Basic auth guard

This guide covers authenticating HTTP requests using the HTTP Basic Authentication protocol. You will learn:

  • How basic authentication works and when to use it
  • How to configure the basic auth guard and user provider
  • How to authenticate requests using basic auth
  • How to protect routes with the auth middleware

Overview

The Basic auth guard implements the HTTP authentication framework. The client sends credentials as a base64-encoded string in the Authorization header with each request. For example, Authorization: Basic am9obkBleGFtcGxlLmNvbTpzZWNyZXQ= contains the email and password for a user.

Basic authentication is stateless because the server does not maintain any persistent sessions or issue tokens. Instead, the client must include the credentials in every request. Because credentials are sent in plain (only base64 encoded), basic authentication must always be used over HTTPS in production.

While simple to set up, basic authentication is not recommended for production applications due to the lack of modern security features like MFA or account management. It is primarily used during early development or for simple internal tools.

Configuring the guard

First, define the basic auth guard in your config/auth.ts file. You must import basicAuthGuard and basicAuthUserProvider from the @adonisjs/auth/basic_auth module.

config/auth.ts
import { defineConfig } from '@adonisjs/auth'
import { basicAuthGuard, basicAuthUserProvider } from '@adonisjs/auth/basic_auth'

const authConfig = defineConfig({
  default: 'basic',
  guards: {
    basic: basicAuthGuard({
      provider: basicAuthUserProvider({
        model: () => import('#models/user'),
      }),
    }),
  },
})

export default authConfig

The basicAuthUserProvider uses your User model to find and verify credentials. It expects the model to have a verifyCredentials static method, which is typically provided by the AuthFinder mixin.

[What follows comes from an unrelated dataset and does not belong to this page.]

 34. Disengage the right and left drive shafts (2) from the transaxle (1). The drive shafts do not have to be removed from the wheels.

Configuring the User model

The basicAuthUserProvider works with any Lucid model that represents your user entity. During installation, the add command generates a User model with the withAuthFinder mixin applied.

app/models/user.ts
import { DateTime } from 'luxon'
import { compose } from '@adonisjs/core/helpers'
import { BaseModel, column } from '@adonisjs/lucid/orm'
import hash from '@adonisjs/core/services/hash'
import { withAuthFinder } from '@adonisjs/auth/mixins/lucid'

/**
 * Applying the withAuthFinder mixin adds the verifyCredentials
 * static method to your model.
 */
const AuthFinder = withAuthFinder(() => hash.use('scrypt'), {
  uids: ['email'],
  passwordColumnName: 'password',
})

export default class User extends compose(BaseModel, AuthFinder) {
  @column({ isPrimary: true })
  declare id: number

  @column()
  declare email: string

  @column()
  declare password: string

  @column.dateTime({ autoCreate: true })
  declare createdAt: DateTime

  @column.dateTime({ autoCreate: true, autoUpdate: true })
  declare updatedAt: DateTime
}

Authenticating requests

Clients must include the Authorization header with the word Basic followed by a space and the base64-encoded credentials (usually email:password).

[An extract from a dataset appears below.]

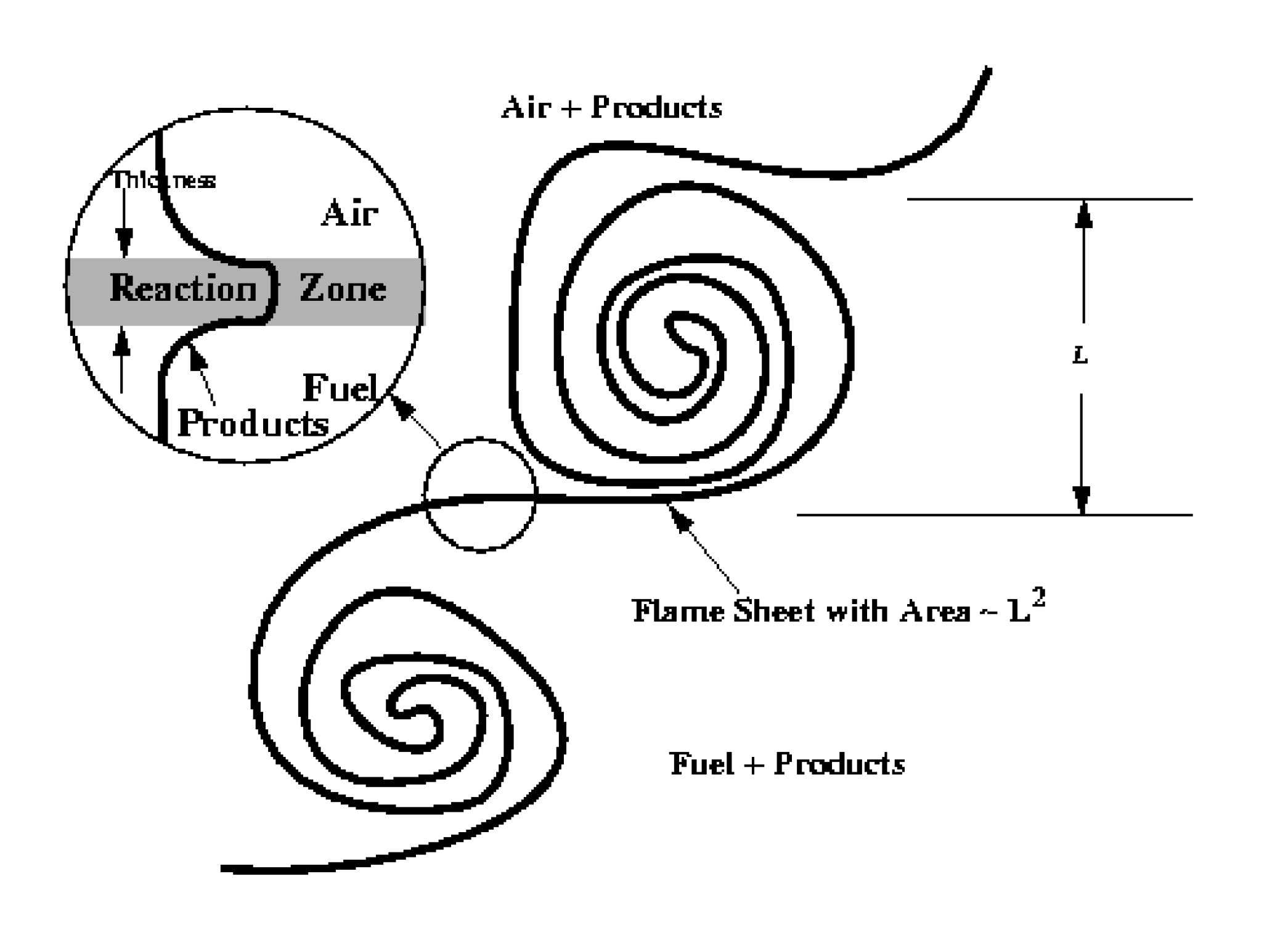Magnussen’s EDC model attempts to represent the mixing processes that are most important to the overall heat release from combustion. It it based on the assumption that the overall heat release rate is controlled by the mass transport into the reaction zone. Therefore, considerable effort is made to model turbulent momentum processes that affect mass transport into the reaction zone. In the surrounding gases, turbulent mixing occurs with (in all likelihood) a similar vigor, however, its effect on the combustion rate is considered less important since the turbulence is not directly contributing to mass transport into the reaction zone. For this reason, there are two different levels of mixing assumptions made within the model.

Authorization: Basic am9obkBleGFtcGxlLmNvbTpzZWNyZXQ=

Using the auth middleware

Apply the auth middleware to routes that require authentication. The middleware automatically reads the header, verifies the credentials using the configured provider, and attaches the user to the HTTP context.

start/routes.ts
import { middleware } from '#start/kernel'
import router from '@adonisjs/core/services/router'

router
  .get('/projects', async ({ auth }) => {
    /**
     * The auth.user property is now the authenticated user.
     * Use auth.getUserOrFail() to avoid non-null assertions.
     */
    const user = auth.getUserOrFail()
    return user.related('projects').query()
  })
  .use(middleware.auth({ guards: ['basic'] }))

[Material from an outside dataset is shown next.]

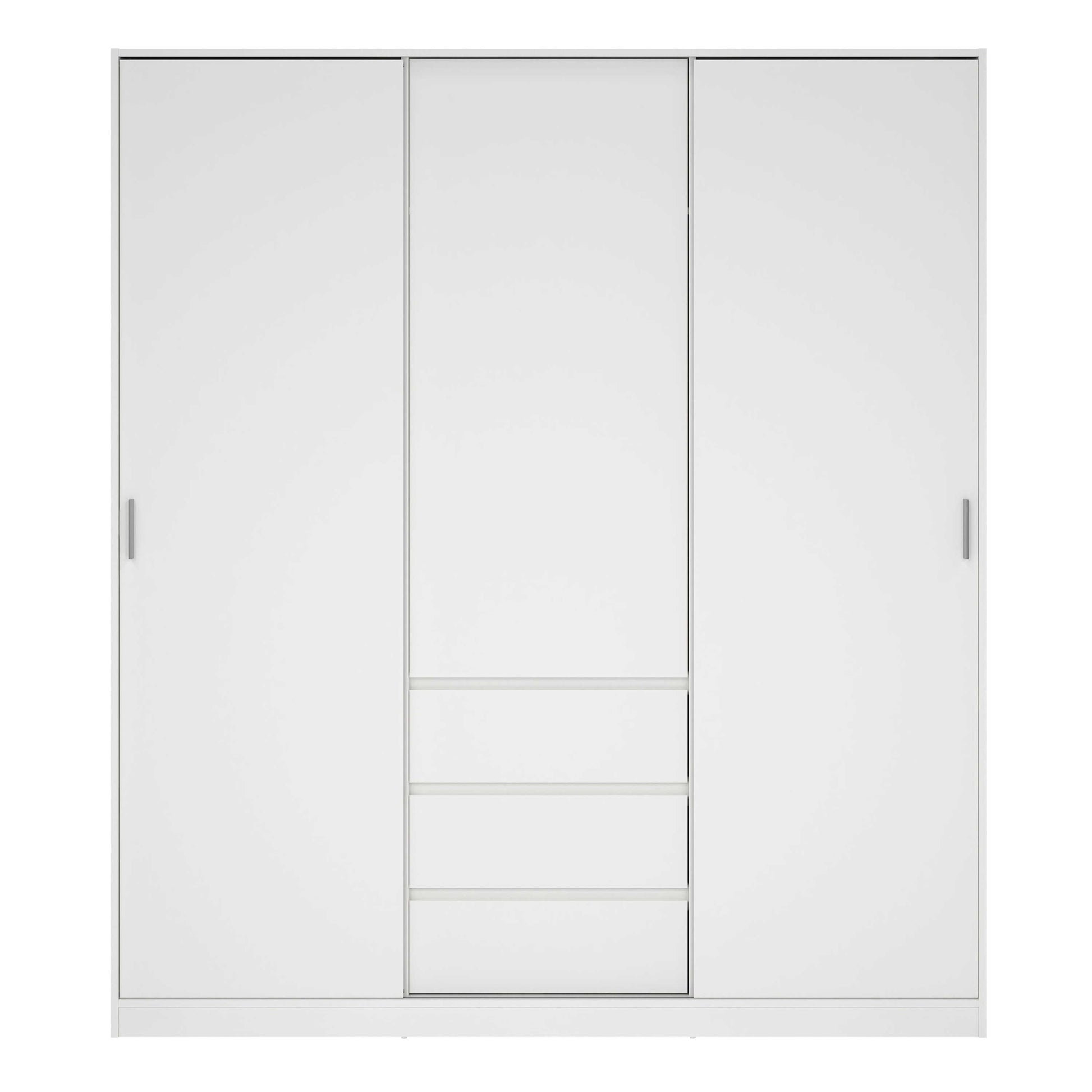 Budapest White Wooden Wardrobe 3 Doors 3 Drawers

The middleware throws E_UNAUTHORIZED_ACCESS if the credentials are missing or invalid.

Manual authentication

To authenticate without the middleware, call auth.authenticate() or auth.authenticateUsing().

start/routes.ts
router.get('/projects', async ({ auth }) => {
  /**
   * Authenticate using the default guard.
   * Throws E_UNAUTHORIZED_ACCESS on failure.
   */
  const user = await auth.authenticate()
  
  return user.related('projects').query()
})
Warning

Basic authentication performs a database lookup and password verification on every request. This is computationally expensive compared to session or token-based authentication. If performance is a concern, consider moving to the Session guard or Access tokens guard as your application grows.